Logan picked up the pool cue and aimed at a red ball. He hit it with a little more force than necessary, it didn't fall, but the sound of the hit bounced off the walls of the room and resonated sharply between his ribs. Absurdly, he was nervous.
He shouldn't have stayed at the school, he had done the right thing in leaving. Away from him, Scott would be safe. He would be able to breathe normally again for at least a few days, and in time, he would go back to looking only at Jean, or other girls his age, the way a boy should look at a girl with whom he could build something simple.
In the silence of the bar, Logan whispered that last word as if it were poison: "simple".
There was a moment when his mind made the mistake of imagining what it would be like if he were a different person. Or rather, if he'd remained the same person he was before meeting Charles.
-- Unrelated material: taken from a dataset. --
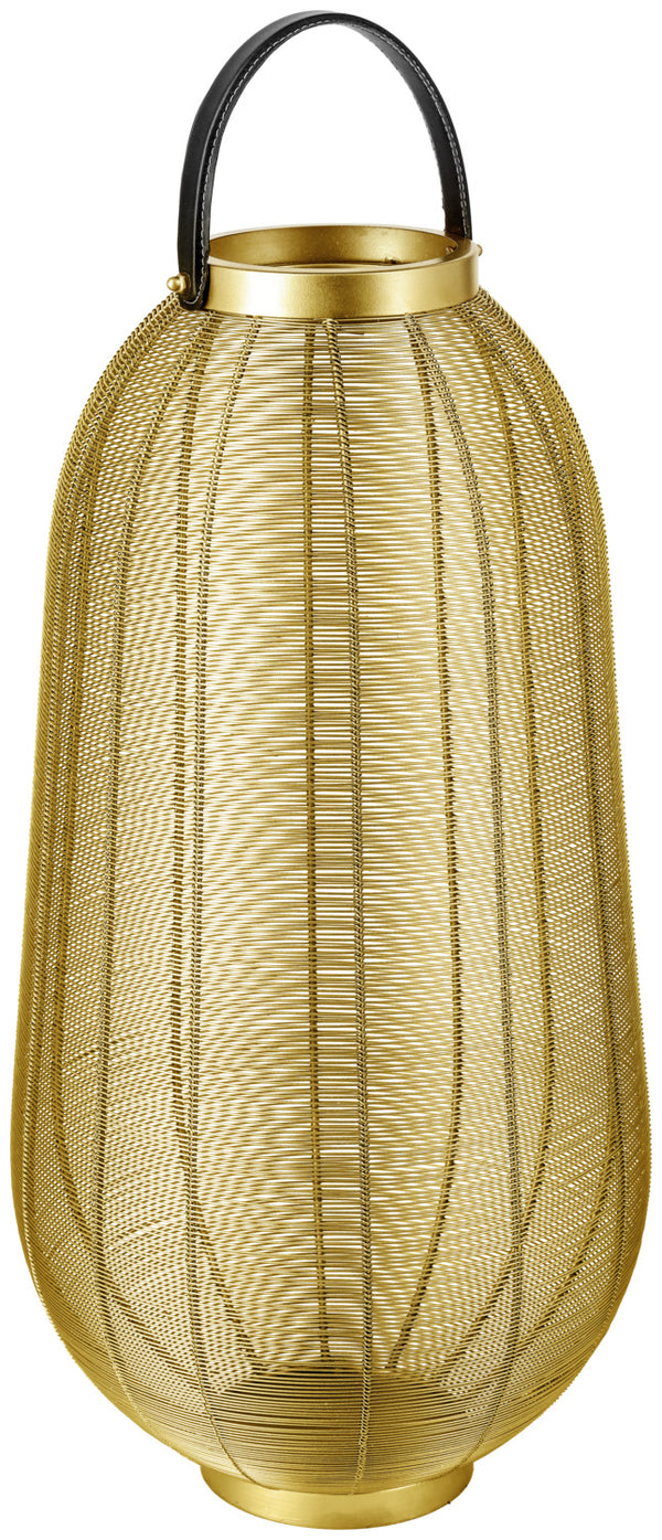 Metalowy lampion z czarnym uchwytem z imitacji skóry.

If Scott had been unlucky enough to encounter a man who didn't care about ruining or breaking him.
A mistake he immediately tried to drown out with the sound of the cue on the table.
Apparently, however, that wasn't his night, because in that instant the image of Scott in the center of the Danger Room came back to him: thin, stiff, his gaze hidden behind his visor, his thighs crossed trying to cover himself. That kind of tension can't be forgotten, it can't be erased by running away.
Logan sighed and ran a hand over his face. There was no one to see it, and thankfully so. Because it was a tired gesture, the one of a man who had realized something he'd rather not know.
Outside, the snow began to fall again in large, slow flakes. And in that desolate bar, Logan felt the weight of the distance between him and Charles's school, even though it had been his choice; he felt it as if he had measured it by hand, inch by inch.
The snow piled up, slowly and indifferently, and Logan felt fear for the first time in a long time. Fear that that snow didn't resemble an end, but a suspended moment that no one had the courage to dissolve.